{\huge The Power Of Guessing}

Some results and ideas on guessing and nondeterminism \vspace{.5in}

David Doty and Michael Wehar are theorists who work in different areas of computational complexity, and are at different stages of their careers. Doty is at the California Institute of Technology as a fellow in the DNA and Natural Algorithms Group, while Wehar just finished his BS and MS from Carnegie Mellon University at age nineteen. Doty is one of the experts on self-assembly systems, while Wehar is focused---at least for now---on complexity theory: his honors thesis is titled ``Intersection Emptiness for Finite Automata.''

Today I wish to discuss the power of guessing, the power of nondeterminism, and what we might learn about the question $latex {\mathsf{P} =? \mathsf{NP}}&fg=000000$ from simulations and from contexts in which $latex {\mathsf{NP}}&fg=000000$ can be replaced by $latex {\mathsf{P}}&fg=000000$ or at least sub-exponential time.

While DNA self-assembly systems and complexity theory seem far apart, they are tied by a common thread: what makes a system universal? This thread began for Doty in structural complexity theory and Jack Lutz's program of resource-bounded theories of measure and dimensionality, and as with Lutz himself moved into biological computing models. This involved it in questions dear to me---self-assembly is one area covered by a conference that I help start, with Eric Baum, almost twenty years ago. The 19th DNA conference is scheduled for next fall---see here for details. It is exciting to see that while the conference has ``mutated'' some, it still is going strong.

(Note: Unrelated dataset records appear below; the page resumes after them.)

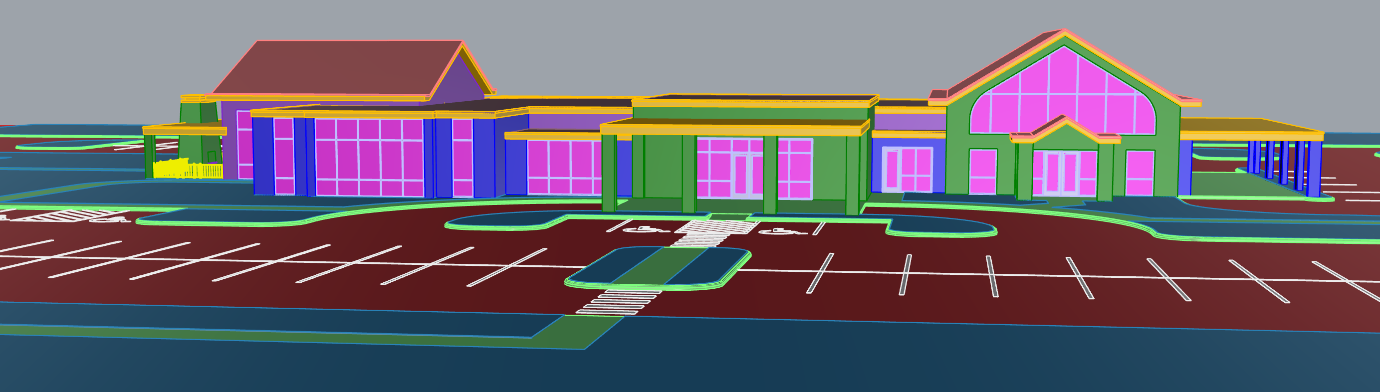 make a photorealistic render of the building above the royal blue should be vertical dark wood slats green should be limestone cladding pink should be reflective glass yellow should be a dark metal flashing purple should be cmu make photo realistic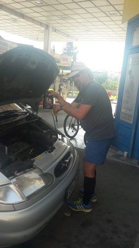Ein kleines Autoproblem gab es: Hydraulikflüssigkeit der Servolenkung war einfach weg. Aber das Problem war mit der Hilfe eines Tankstellenwarts und einem kurzen Anruf in der heimatlichen Werkstatt schnell erledigt.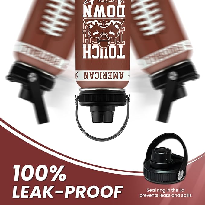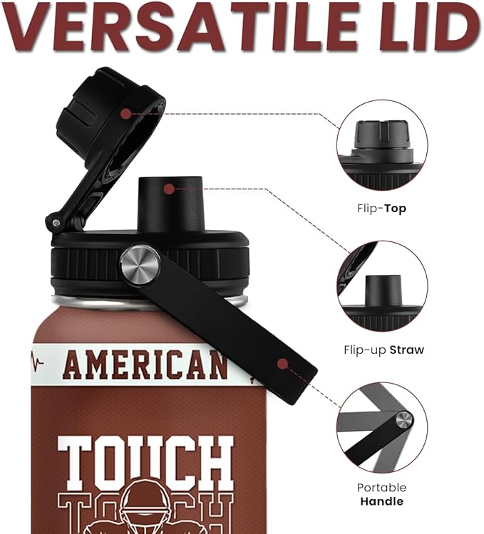 Football Water Bottle with Lid - 32oz Insulated Stainless Steel Sport Bottle - Gifts for Men Football Players Lovers Men

Besides proving nice results we will mention shortly and working with top people at CMU including Klaus Sutner, Manuel Blum, and Richard Statman, Wehar is noted for work on Rubik's Cube. We quote him: Back in 2009 when I was 16 years old, I solved the 20x20x20 cube in 20 hours 37 minutes and 7.42 seconds. It was quite an accomplishment even though it was a rather slow solve. I think I could solve it in somewhere between 8 and 14 hours if I were to give a second stab at it. I just wanted to share this with all of you. The ``7.42 seconds'' is the part of this statement that I like---as complexity theorists we might have been satisfied to say ``order-of 20 hours'' or even ``polynomial in 20 hours.''

\includegraphics[width=3in]{BigCube.png}

Efficiency and Guessing

This degree of time-precision brings to mind the main point of a paper at the just-held FOCS conference co-authored by Doty with Lutz and Matthew Patitz, Robert Schweller, Scott Summers, and Damien Woods. This is on a tight notion of universality for self-assembling tile systems, analogous to a kind of linear-time universality in cellular automata. The tile assembly process itself is nondeterministic and asynchronous.

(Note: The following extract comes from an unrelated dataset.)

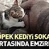 köpek kediyi sokak ortasında emzirdi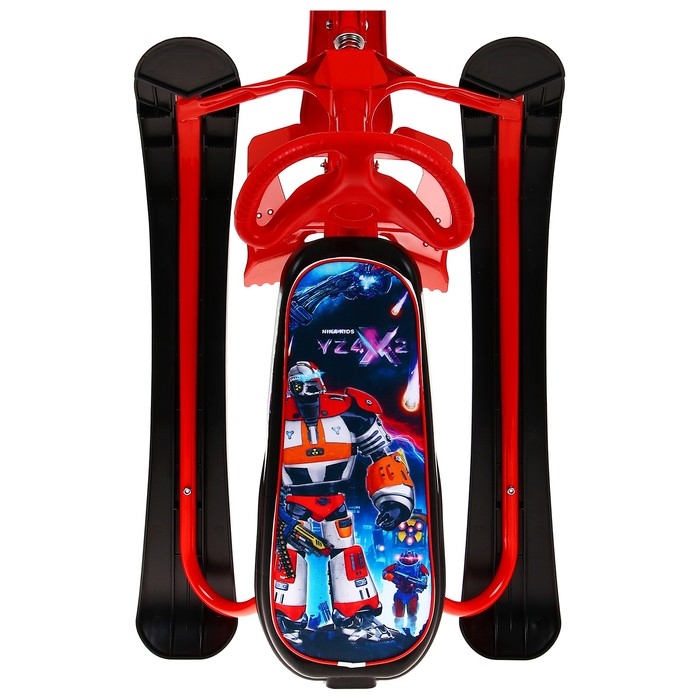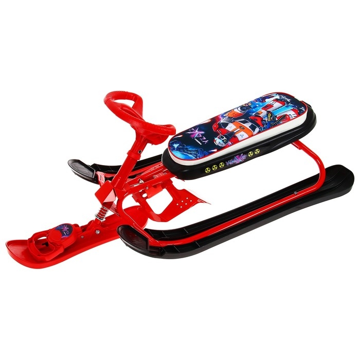 Снегокат предназначен для перевозки детей по плотному снегу или льду, катанию с горок. Имеет сварную конструкцию из стальных труб, пластиковых элементов и мягкое сиденье, обтянутое искусственной кожей с рисунком. Оснащён буксировочным тросом с автоматической намоткой и системой амортизации, которая обеспечивает комфортную поездку по крутым горкам и неровным поверхностям. Усиленный тормоз эффективен на обледенелой поверхности.

When a cellular automaton model $latex {{\cal C}}&fg=000000$ is said to be universal, for itself or for some other model $latex {{\cal M}}&fg=000000$ such as Turing machines, it can mean several things. It can mean there is an easily computed mapping $latex {f}&fg=000000$ from computations in $latex {{\cal M}}&fg=000000$ to computations in $latex {{\cal C}}&fg=000000$ such that the results by a machine $latex {M \in {\cal M}}&fg=000000$ on an input $latex {x}&fg=000000$ can be quickly inferred from notionally-equivalent results of the automaton $latex {C = f(M)}&fg=000000$ running on the same (or lightly encoded) $latex {x}&fg=000000$. Or, stronger, it can mean $latex {f}&fg=000000$ is a mapping from configurations $latex {I,J}&fg=000000$ of an $latex {M}&fg=000000$ to corresponding configurations $latex {I',J'}&fg=000000$ of a $latex {C}&fg=000000$, such that $latex {I}&fg=000000$ goes to $latex {J}&fg=000000$ in one step if and only if $latex {I'}&fg=000000$ goes to $latex {J'}&fg=000000$ in some number of steps. The latter number of steps and sizes of $latex {I',J'}&fg=000000$ could still be huge. This was so with Matthew Cook's seminal exponential-time simulation of arbitrary Turing machines by the cellular automaton Rule 110. Woods and his student Turlough Neary got this down to a polynomial overhead in their 2006 ICALP paper.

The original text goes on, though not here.